Leveraging Ontotext’s Eligibility Design Assistant for Effective Patient Population Selection

Combining highly normalized knowledge graphs with large language models for quick and reliable selection of clinical trial eligibility criteria

July 2, 2024 8 mins. read Ivelina NikolovaKaterina SerafimovaKaterina SerafimovaGeorgi IlievGeorgi IlievTodor PrimovTodor Primov

This is part of Ontotext’s AI-in-Action initiative aimed at enabling data scientists and engineers to benefit from the AI capabilities of our products.

Drug discovery is an ever-growing field of research, which often involves different stakeholders, facing multiple challenges. Clinical trials play an important part in this process as any new medication has to pass several phases of such trials successfully before getting tested and approved for the market.
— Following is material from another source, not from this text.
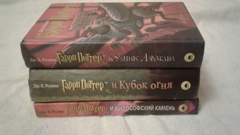 1. Первые книги, о которых мне вспомнилось. Это книги Гарри Потерра Росмэн. Честно перевод Спивак не читала, с пеной у рта не спорю, какой перевод лучше. Просто привычен мне перевод Росмэн издания. Заказала первую книгу по интернету, пришла, не приятно меня удивила газетная бумага, обманули с ценой, на порядок выше получилась. Но книгу прочитала залпом и осталась довольна, как слон. Есть в нашем городе букинистический магазин, наведываюсь туда редко, в основном там книги не очень хорошего качества, со страшненькими иллюстрациями. И вот однажды случай привел меня туда, так оказались еще две книге из серии Гарри Потер. Пока только три книги из серии:

That’s why a good clinical trial design is crucial for accurately evaluating the various effects and safety of new drugs. 

Ontotext’s Clinical Trials Eligibility Design Assistant helps with one of the most challenging tasks in study design: selecting the proper patient population. To meet the expected study outcomes, researchers need to identify the most suitable set of eligibility criteria for participation. As they want to test for specific outcome measures (endpoints) during and after the trial, these criteria must allow them to measure the outcomes objectively and achieve the desired endpoints. In addition, they need to ensure that participants can undergo clinical trial interventions safely.
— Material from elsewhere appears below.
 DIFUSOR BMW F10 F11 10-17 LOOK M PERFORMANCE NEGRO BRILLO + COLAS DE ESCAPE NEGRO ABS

Usually, researchers select their eligibility criteria based on historical data. However, this data is often vast and heterogeneous, making analysis too complex. The publicly available datasets represent only a small fraction of the information. As companies tend to keep their proprietary datasets private, there’s little visibility in the field, complicating the clinical trial design process even further. Playing around with a criteria selection without providing a proper rationale is not a viable strategy and it’s where our application comes into play.

Ontotext’s skills and how we can assist

Eligibility criteria and outcome measures are typically expressed in free text. That’s why the usual method of analyzing them automatically involves traditional natural language processing techniques. However, these are limited to processing only a very narrow context and therefore can provide only a partial solution.

Instead, we propose a new approach: Retrieval-Augmented Generation (RAG), combining a highly normalized knowledge graph with large language models (LLMs). This method allows us to answer questions by searching within a very narrow context. This reduces LLM hallucinations and maintains provenance to the original data. At the same time, the knowledge graph provides data linking with well-known and well-structured datasets like UMLS and DrugCentral, and allows further generalization (for example over drug types).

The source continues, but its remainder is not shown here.